We own the wrapper and only we can sell it, but the IBM people can co-market it.

So we have regular, monthly, high-level business strategy talks with IBM. Carol [Kovac] and I and the top business people have identified numerous joint customers where we think and where we know we can do joint business. But I believe it will materialize at that moment when this wrapper is available, because at that moment their sales and marketing force will really start selling.

IBM has a professional services team, we have a professional services team. This sounds like competition. It’s not. Because their professional services team is about building big compute farms, it’s about storage networks, integrating sites, laptops, whatever kinds of things. Our professional services team is a scientific IT team that’s really going to integrate functionality, like proteomics with assays. But those teams are in a partly consulting and implementation mode. Our professional services team can’t do what they can do, and theirs cannot do what we can do. This is a real value to the client, because now you get two teams that complement each other that really can understand your needs and can really come with offerings and solutions to serve your needs. I think this is the real value of this IBM/Lion offering, but again, this all only gets unleashed when this wrapper is out.

You’ve got a smaller board and a smaller management team these days. This must increase the pressure on your own shoulders. How are you managing?
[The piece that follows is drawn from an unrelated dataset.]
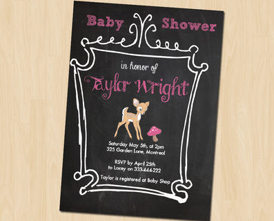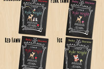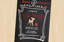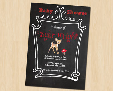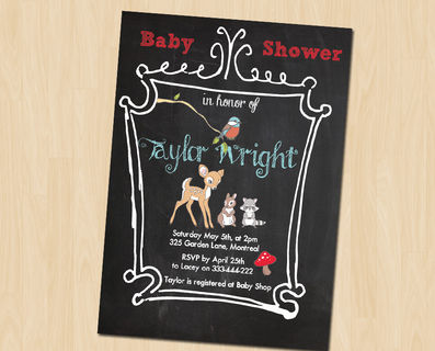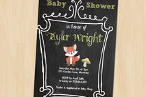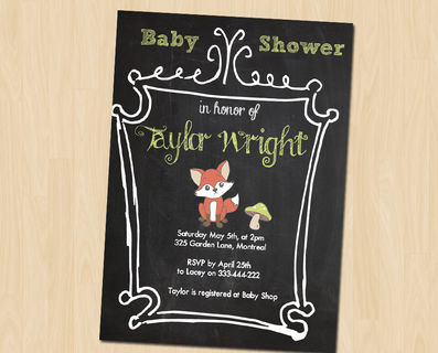 Printable Baby Shower Invitation with woodland Fox on chalkboard background. Perfect for a woodland birthday, baby shower or event.

I think there’s not more burden on the shoulders. On the contrary, I think what has happened in the executive management team and what we call the supervisory board, which is the outside and inside directors, is a clear pathway to more professionalism. Lion started off as really young, excited scientists and support. And now if you look at the executive team, the three executive board members each has more than 10 years’ industry experience. It almost has some old economy flavor. Our chairman used to be a lawyer, which was very important in the beginning. Now it’s a former pharmacy exec. We have fewer people, but I think these people have much more experience.


Last question: Who’s going to buy Lion?

Well, let’s put it this way: Surely a consolidation time in an industry is always an M&A time. I say this really emotionlessly now — it’s not what I hope or believe, but I speak as a CEO with fiduciary obligation to the shareholders. Although we have acquired two companies in the past, Trega and NetGenics, Lion is surely cheapened these days, as many companies are. Since we did our homework, and in particular since we refocused and gained a sharper profile and momentum in the market and launched our new product and professionalized our board, we got more dangerous. It’s a very clear, good offering. But still, being cheap, this is surely a weak situation in terms of protecting against offerings to buy the company.
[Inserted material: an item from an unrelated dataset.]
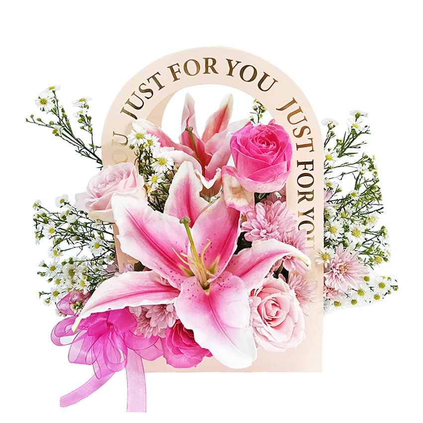 Berikan hadiah istimewa dengan Just For You Bouquet - Pink yang memukau hati. Bunga meja ini memadukan 4 tangkai Roses, Lily, Chrysanthemum, dan Peacock yang segar, menciptakan tampilan yang indah dan harmonis. Dirangkai dalam handy flower box yang praktis dan elegan, buket ini dihiasi pita satin untuk mempercantik tampilannya. Cocok untuk menghiasi meja atau sebagai hadiah spesial di hari Valentine dan momen penuh cinta lainnya!

There is no offering on the table today, I can tell you. But of course we also thought about, ‘What happens if an offer comes? Where could it come from?’ Not that you say hopefully it comes, but we think about these things.

We didn’t found the company to sell it. Some people do but we did not. But we’re not religious on that. Also with the fiduciary obligation, if the offer comes and it’s at a high premium, in these days as a board member you cannot just neglect it. You have the obligation to deal with it.

To be honest, I’m not looking for that, so I don’t say that I think we’re cheap. But yes, we have to think about it. And I think [there are] three environments [we could fit into]. Equipment providers that see information as an important part of their future business, publishers where information is an important part of the business but not that type that we’re dealing with, or horizontal process builders who do not have that domain expertise. These are the three areas that, if something happens, I would expect [an offer to come from] first.

We’re not shopping the company. We have deep pockets. We are active, not reactive. We are dangerous, not harmless. We have a great vision and a great team and I’m really motivated to run the company as it is. Again, not saying that things couldn’t change, but we can stand on our own.